271B.13-020 RIGHT TO DISSENT - (1) A shareholder shall be entitled to
dissent from, and obtain payment of the fair value of his shares in the event
of, any of the following corporate actions:
(a) Consummation of a plan of merger to which the corporation is a party:
1. If shareholder approval is required for the merger by KRS 271B.11-040
or the articles of incorporation and the shareholder is entitled to vote on the
merger; or
2. If the corporation is a subsidiary that is merged with its parent
under KRS 271B.11-040;
(b) Consummation of a plan of share exchange to which the corporation is
a party as the corporation whose shares will be acquired, if the shareholder is
entitled to vote on the plan;
(c) Consummation of a sale or exchange of all, or substantially all, of
the property of the corporation other than in the ususal and regular course of
business, if the shareholder is entitled to vote on the sale or exchange,
including a sale in dissolution, but not including a sale pursuant to court
order or a sale for cash pursuant to a plan by which all or substantially all of
the net proceeds of the sale will be distributed to the shareholders within one
(1) year after the date of sale;
B-1
<PAGE>
(d) An amendment of the articles of incorporation that materially and
adversely affects rights in respect of a dissenter's shares because it:
1. Alters or abolishes a preferential right of the shares to a
distribution or in dissolution;
2. Creates, alters, or abolishes a right in respect of redemption,
including a provision respecting a sinking fund for the redemption or
repurchase, of the shares;
3. Excludes or limits the right of the shares to vote on any matter other
than a limitation by dilution through issuance of shares or other securities
with similar voting rights; or
4. Reduces the number of shares owned by the shareholder to a fraction of
a share if the fractional share so created is to be acquired for cash under KRS
271B.6-040;
(e) Any transaction subject to the requirements of KRS 271B.12-210 or
exempted by KRS 271B.12-220(2); or
(f) Any corporate action taken pursuant to a shareholder vote to the
extent the articles of incorporation, bylaws, or a resolution of the board of
directors provides that voting or nonvoting shareholders are entitled to dissent
and obtain payment for their shares.
(2) A shareholder entitled to dissent and obtain payment for his shares
under this chapter shall not challenge the corporate action creating his
entitlement unless the action is unlawful or fraudulent with respect to the
shareholder or the corporation.
271B.13-030 DISSENT BY NOMINEE AND BENEFICIAL OWNERS - (1) A record
shareholder may assert dissenters' rights as to fewer than all the shares
registered in his name only if he shall dissent with respect to all shares
beneficially owned by any one (2) person and notify the corporation in writing
of the name and address of each person on whose behalf he asserts dissenters'
rights. The rights of a partial dissenter under this subsection shall be
determined as if the shares as to which he dissents and his other shares were
registered in the names of different shareholders.

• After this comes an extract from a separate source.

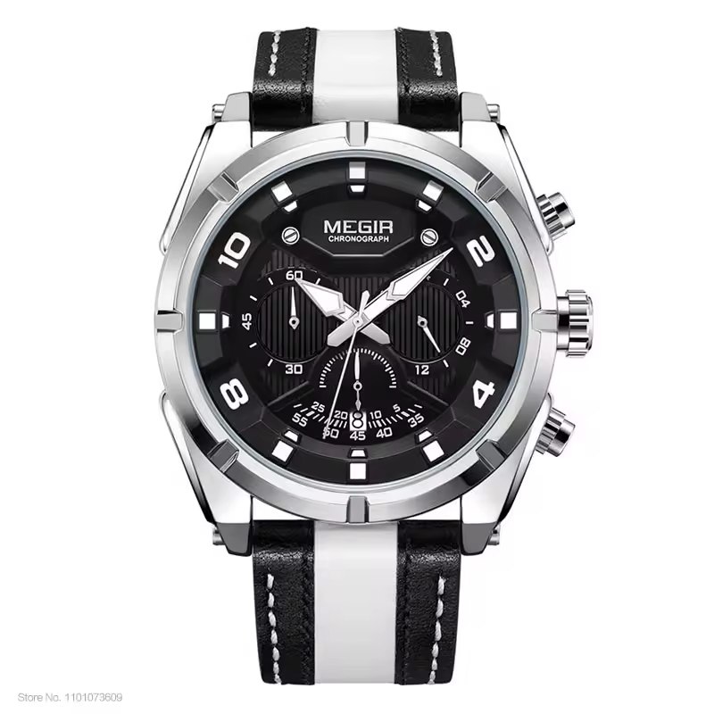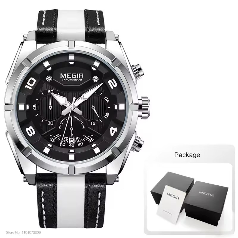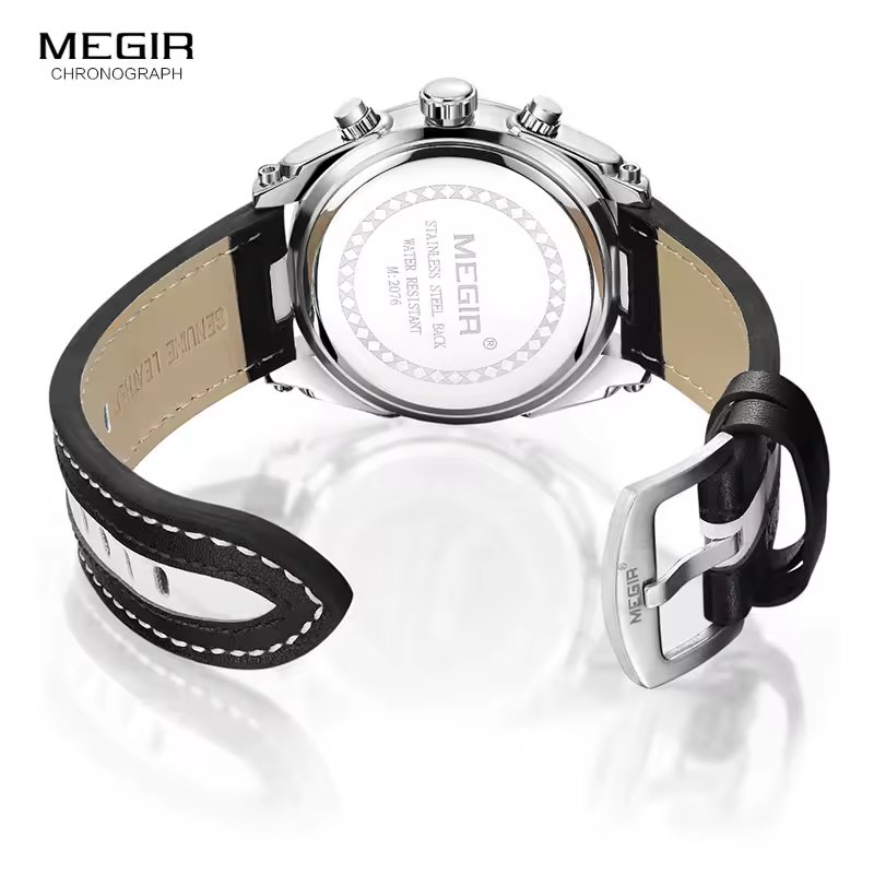 ساعت مچی کرنوگراف سه موتوره مردانه مگیر Megir مدل ML2076GBK-1 بند چرمی

(2) A beneficial shareholder may assert dissenters' rights as to shares
held on his behalf only if:
(a) He submits to the corporation the record shareholder's written consent
to the dissent not later than the time the beneficial shareholder asserts
dissenters' rights; and
(b) He does so with respect to all shares of which he is the beneficial
shareholder or over which he has power to direct the vote.

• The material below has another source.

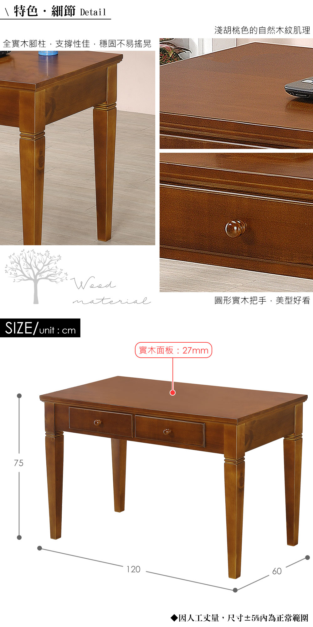 文創集 凱佳3.5尺二抽實木書桌(二色可選+含便利插座設置)-104x55x75cm免組

PROCEDURE FOR EXERCISE OF DISSENTERS' RIGHTS
271B.13-200 NOTICE OF DISSENTERS' RIGHTS - (1) If proposed corporate action
creating dissenters' rights under KRS 271B.13-020 is submitted to a vote at a
shareholders' meeting, the meeting notice must state that shareholders are or
may be entitled to assert dissenters' rights under this subtitle and the
corporation shall undertake to provide a copy of this subtitle to any
shareholder entitled to vote at the shareholders' meeting upon request of that
shareholder.
(2) If corporate action creating dissenters' rights under KRS 271B.13-020
is taken without a vote of shareholders, the corporation shall notify in writing
all shareholders entitled to assert dissenters' rights that the action was taken
and send them the dissenters' notice described in KRS 271B.13-220.
B-2
<PAGE>
271B.13-210 NOTICE OF INTENT TO DEMAND PAYMENT - (1) If proposed corporate
action creating dissenters' rights under KRS 271B.13-020 is submitted to a vote
at a shareholders' meeting, a shareholder who wishes to assert dissenters'
rights:
(a) Shall deliver to the corporation before the vote is taken written
notice of his intent to demand payment for his shares if the proposed action is
effectuated; and
(b) Shall not vote his shares in favor of the proposed action.
(2) A shareholder who does not satisfy the requirements of subsection (1)

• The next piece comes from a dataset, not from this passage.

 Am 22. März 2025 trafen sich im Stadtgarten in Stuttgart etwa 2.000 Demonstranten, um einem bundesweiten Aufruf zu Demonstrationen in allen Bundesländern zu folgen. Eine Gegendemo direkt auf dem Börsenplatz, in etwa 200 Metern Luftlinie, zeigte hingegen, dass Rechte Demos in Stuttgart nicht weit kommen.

of this section shall not be entitled to payment for his shares under this
chapter.
271B.13-220 DISSENTERS' NOTICE - (1) If proposed corporate action creating
dissenters' rights under KRS 271B.13-020 is authorized at a shareholders'
meeting, the corporation shall deliver a written dissenters' notice to all
shareholders who satisfied the requirements of KRS 271B.13-210.
(2) The dissenters' notice shall be sent no later than ten (10) days after
the date the proposed corporate action was authorized by the shareholders or, if
no shareholder authorization was obtained, by the board of directors, and shall:
(a) State where the payment demand must be sent and where and when
certificates for certificated shares must be deposited;
(b) Inform holders of uncertificated shares to what extent transfer of the
shares will be restricted after the payment demand is received;
(c) Supply a form for demanding payment that includes the date of the
first announcement to news media or to shareholders of the terms of the proposed
corporate action and requires that the person asserting dissenters' rights
certify whether or not he acquired beneficial ownership of the shares before
that date;
(d) Set a date by which the corporation must receive the payment demand,
which date may not be fewer than thirty (30), nor more than sixty (60) days
after the date the notice provided in subsection (1) of this section is
delivered; and
(e) Be accompanied by a copy of this subtitle.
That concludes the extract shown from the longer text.